* _WHAT YOU WILL DO_
Starting with the line that contains "수급 기간과 지급 금액 (2025년 기준)", repeat exactly every line through the last one in the records below, and leave out the pictures.

[Opening GIVEN DATA section]

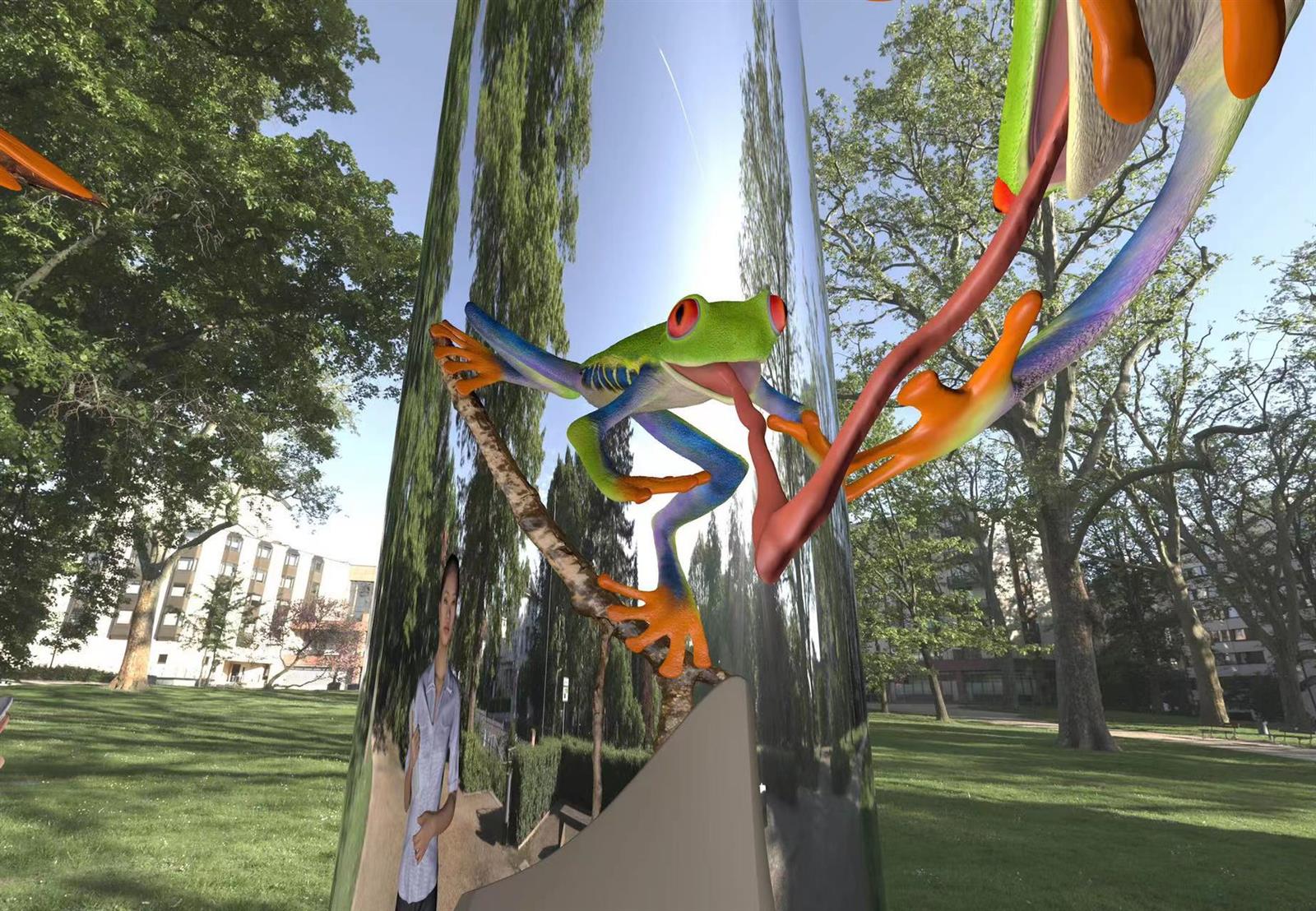 由南非的Jonty Hurwitz和以色列的Yifat Davidoff共同创作的静态雕塑《炼金术的飞跃》,运用光学变形原理创作,意趣盎然;
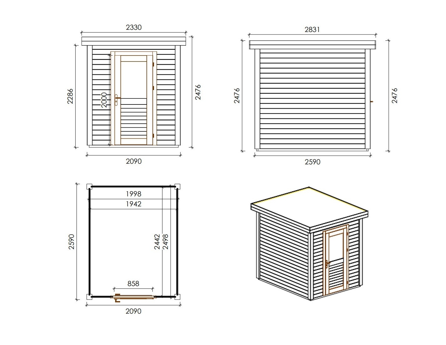 Caseta de madera para herramientas 000016 de superficie de 5.41 m2, ancho de 2.09 m, profundidad de 2.59 m y espesor de pared de 28 mm. La caseta es fácil de montar, las instrucciones de montaje están incluidas.
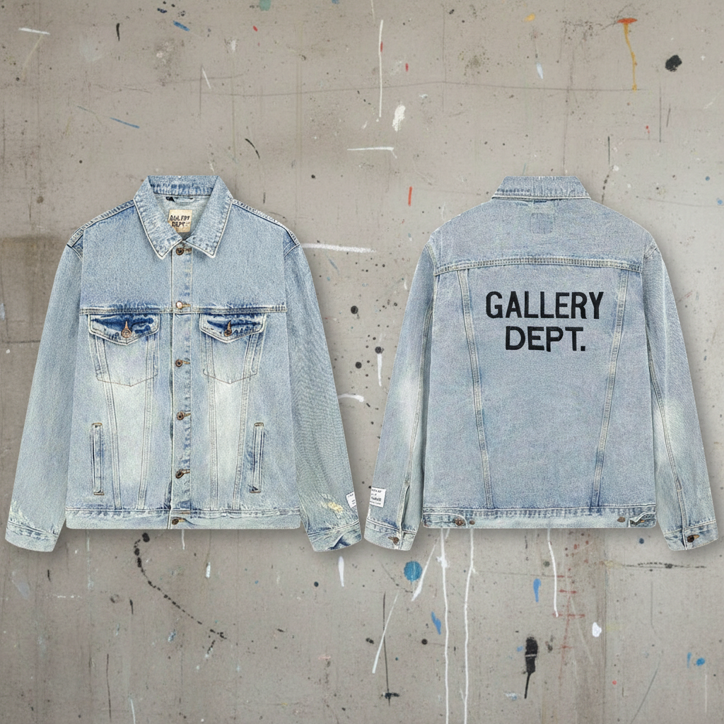 Gallery Dept denim jacket, vintage washed blue, Los Angeles style, casual streetwear fashion with logo print, classic button front and pockets for men and women.
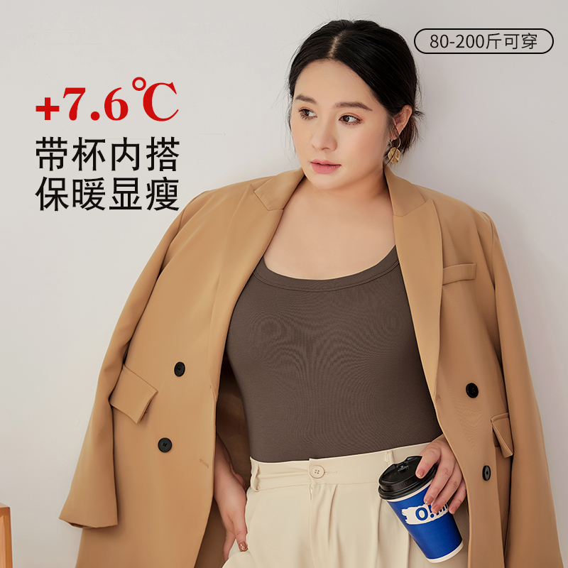 猫人大码胖mm保暖背心女带胸垫2025秋冬新款加肥加大无痕发热秋衣
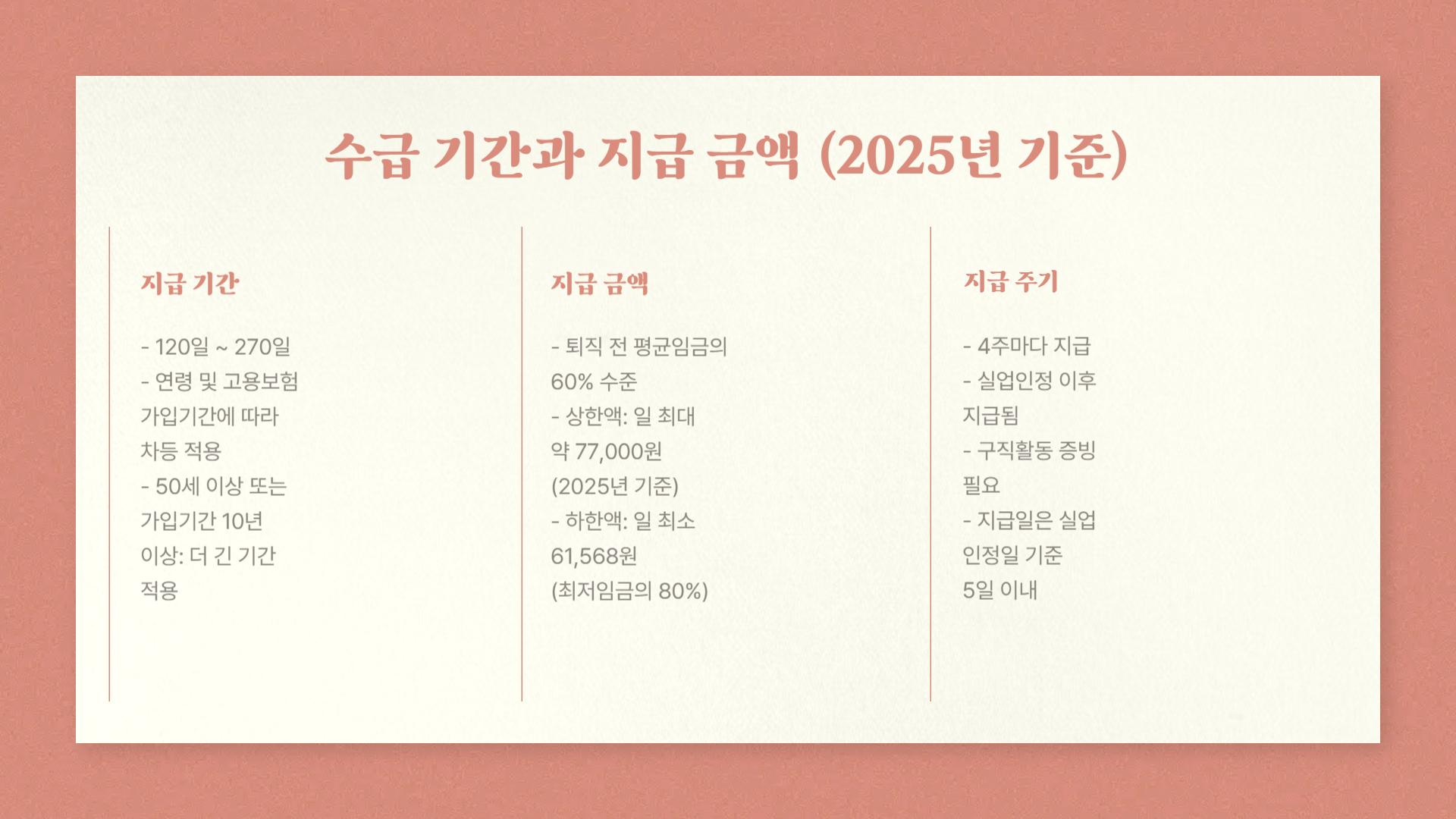 수급 기간과 지급 금액 (2025년 기준)
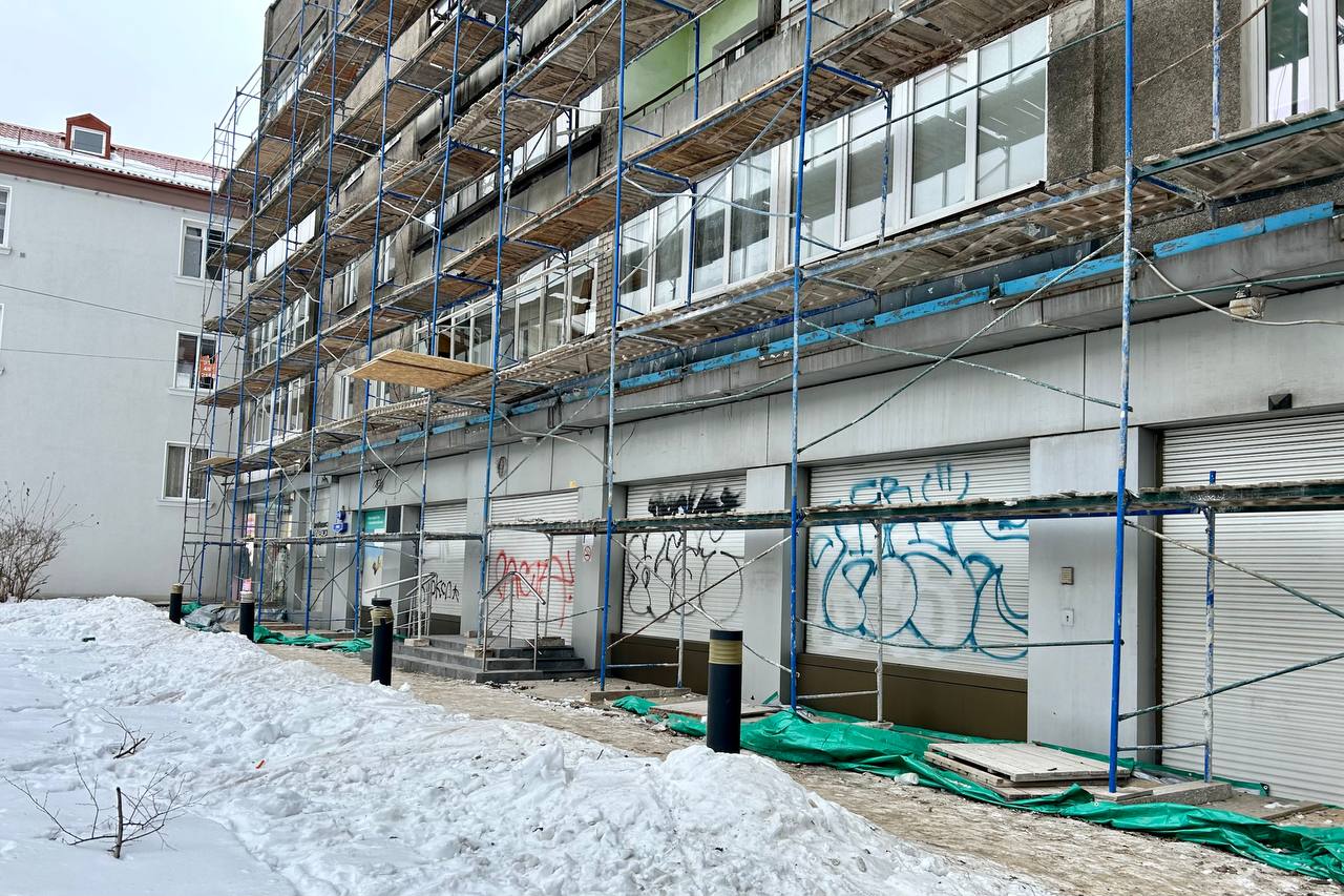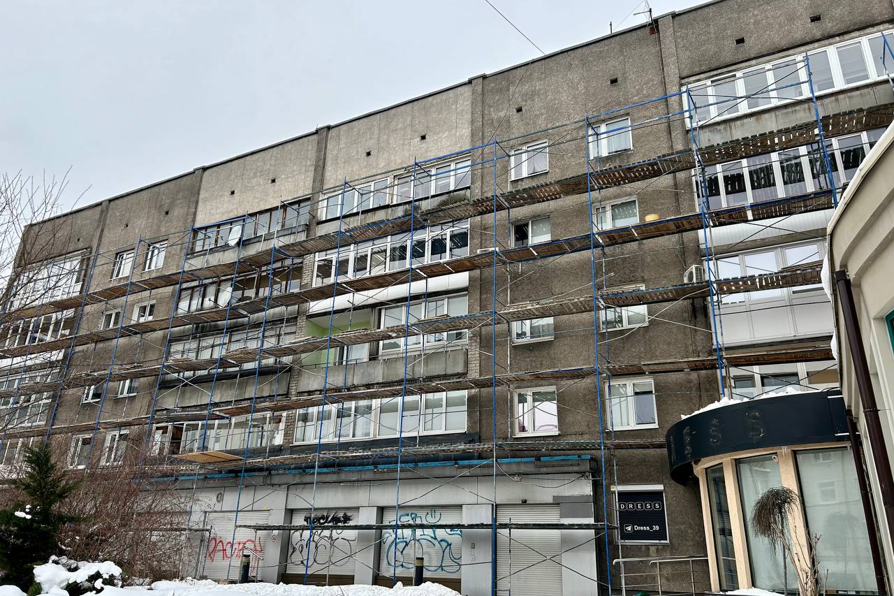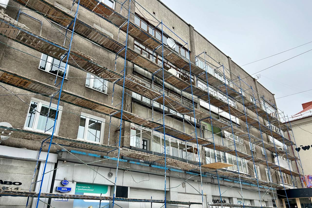 В Калининграде приступают ко второму этапу ремонта советской пятиэтажки на проспекте Мира. Специалисты приведут в порядок главный фасад дома №72-72А.
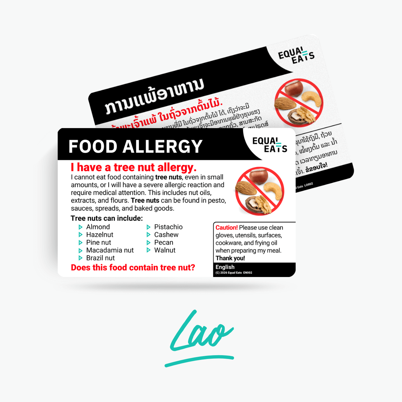 Get an accurate English to Lao translation of your nut allergies with an Equal Eats card.
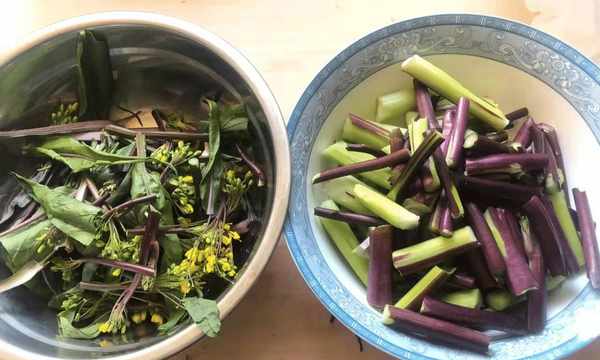 1:放一些紫菜苔和小菜,捏住紫菜苔的花茎,从紫菜苔的根部剪去尾巴(一般过段时间会氧化,记得剪掉不新鲜的)

[Closing GIVEN DATA section]

* _TASK RESULT_
 수급 기간과 지급 금액 (2025년 기준)
 В Калининграде приступают ко второму этапу ремонта советской пятиэтажки на проспекте Мира. Специалисты приведут в порядок главный фасад дома №72-72А.
 Get an accurate English to Lao translation of your nut allergies with an Equal Eats card.
 1:放一些紫菜苔和小菜,捏住紫菜苔的花茎,从紫菜苔的根部剪去尾巴(一般过段时间会氧化,记得剪掉不新鲜的)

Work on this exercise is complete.